Mr. Capasino and Nelly – Poconos Neighbors – 6/15/2025 5:49:06 AM
Mr. Capasino is the life I always wanted and admired. As a child, I saw him work in his garage on woodworking for building a birdhouse to arrows for my bow string. The arrows did not work but He was a man of his word. He took care of his wife Nelly, who was very sick and needed oxygen to survive. They were an old couple. And most of his life has been spent reading national geographic. I would sit there and build my visual library as they call it today. He took me to get haircuts and he even let me buy cigarette candies. I used to get in his car and go to the home improvement and gardening shop and help him. He liked having me around. I would sit there and watch him work. It was very boring in birches III. And I found a friend in Mr. Capasino. He was old school and traditional. I was reserved and observant. I marveled at all the supplies he had in his garage. He liked working with his hands.

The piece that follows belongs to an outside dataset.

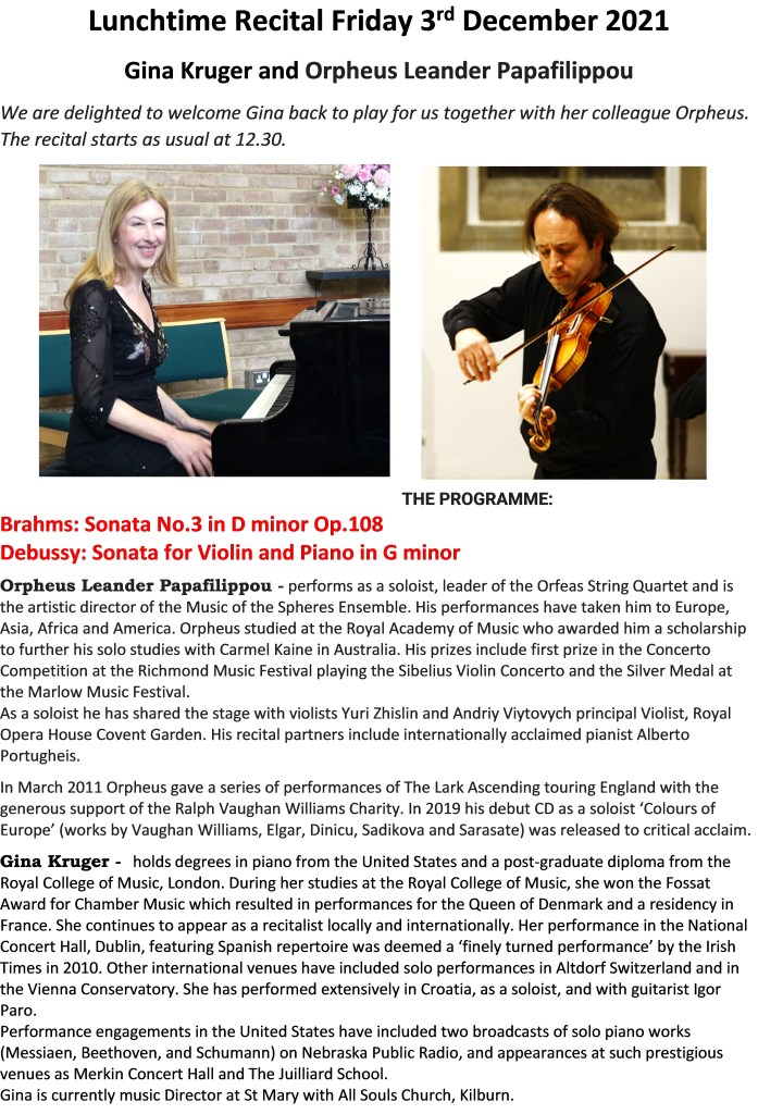 It was great to have Gina Kruger back with us in person (another very welcomed Zoom Recital performer last year!) and this time she brough the violinist Orpheus Papafilippou to play us violin Sonatas from Debussy and Brahms. It’s the first time we have had a solo violinist play in for us in a recital, and it was a real joy to watch and to listen.

He didn’t say much but his actions spoke louder than his words. He was a very close friend. The only reason I agreed to willingly go to Poconos. Now it’s a ghetto. But at the time it was lush farmland. The moral of the story is this. Never overstay your welcome. Sometimes, it is better to end on good terms then to wait for bad terms. I have to say my brother was conceived in that red house of ours. And I remember when it was a couple of cinder blocks. What did my family gain from living there. They might have thought ahead but they never dealt with the day’s problems. They would have then found that their family was built on a solid foundation. Not some wishy-washy quicksand. Thick as shit. That’s what family is about. If you disagree ask the closest family member in your family that you had the last disagreement with. They are probably remorseful now. So do not be too quick to judge. For judge not lest ye be judged. In closing, you are missed. I will forever remember you was the bedrock of marriage and holy matrimony.